[DATA PROVIDED Boundary: Start]
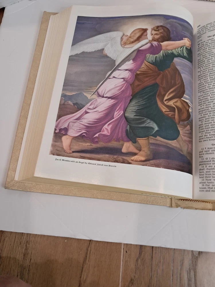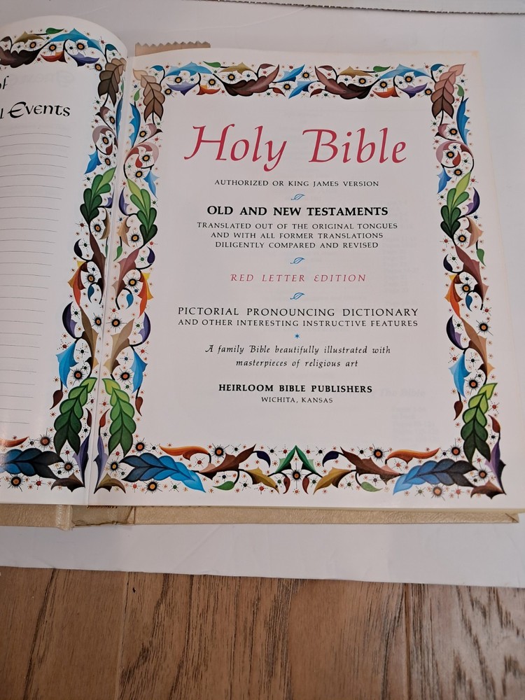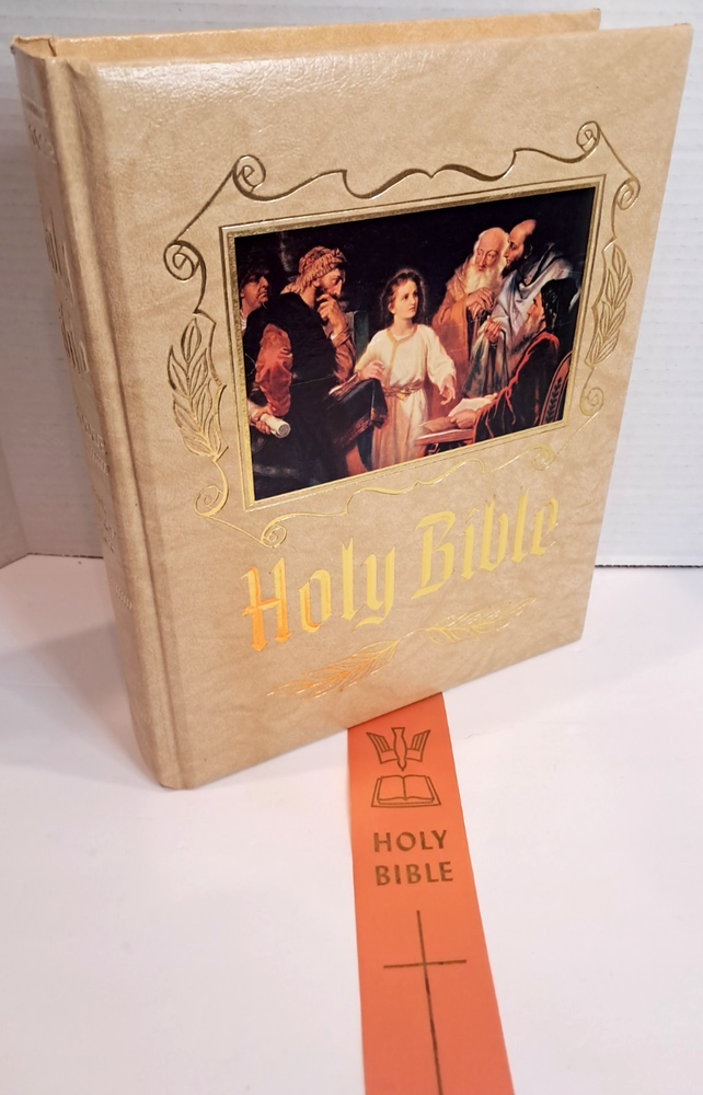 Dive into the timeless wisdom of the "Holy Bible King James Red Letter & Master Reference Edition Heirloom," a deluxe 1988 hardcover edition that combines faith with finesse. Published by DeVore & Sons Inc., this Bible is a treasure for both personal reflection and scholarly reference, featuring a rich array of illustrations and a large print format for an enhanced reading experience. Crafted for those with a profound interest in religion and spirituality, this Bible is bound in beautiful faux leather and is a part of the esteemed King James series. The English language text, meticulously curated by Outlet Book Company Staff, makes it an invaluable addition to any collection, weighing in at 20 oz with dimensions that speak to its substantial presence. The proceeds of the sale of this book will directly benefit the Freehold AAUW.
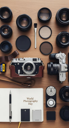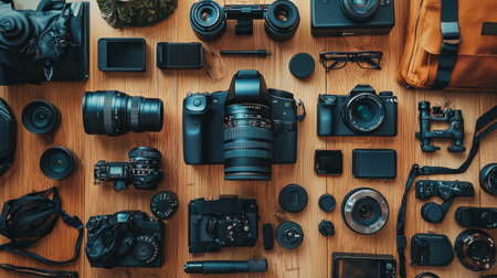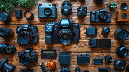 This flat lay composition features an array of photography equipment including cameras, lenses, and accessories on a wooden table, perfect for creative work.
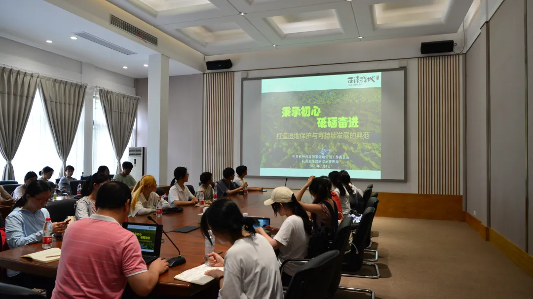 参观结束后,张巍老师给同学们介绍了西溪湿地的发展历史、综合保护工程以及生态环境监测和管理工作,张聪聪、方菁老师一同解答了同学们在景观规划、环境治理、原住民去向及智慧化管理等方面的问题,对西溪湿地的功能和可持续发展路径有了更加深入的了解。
[DATA PROVIDED Boundary: End]
TASK
With pictures omitted, reproduce exactly the lines from the line containing "This flat lay" through the end of the data above.

TASK RESULT
 This flat lay composition features an array of photography equipment including cameras, lenses, and accessories on a wooden table, perfect for creative work.
 参观结束后,张巍老师给同学们介绍了西溪湿地的发展历史、综合保护工程以及生态环境监测和管理工作,张聪聪、方菁老师一同解答了同学们在景观规划、环境治理、原住民去向及智慧化管理等方面的问题,对西溪湿地的功能和可持续发展路径有了更加深入的了解。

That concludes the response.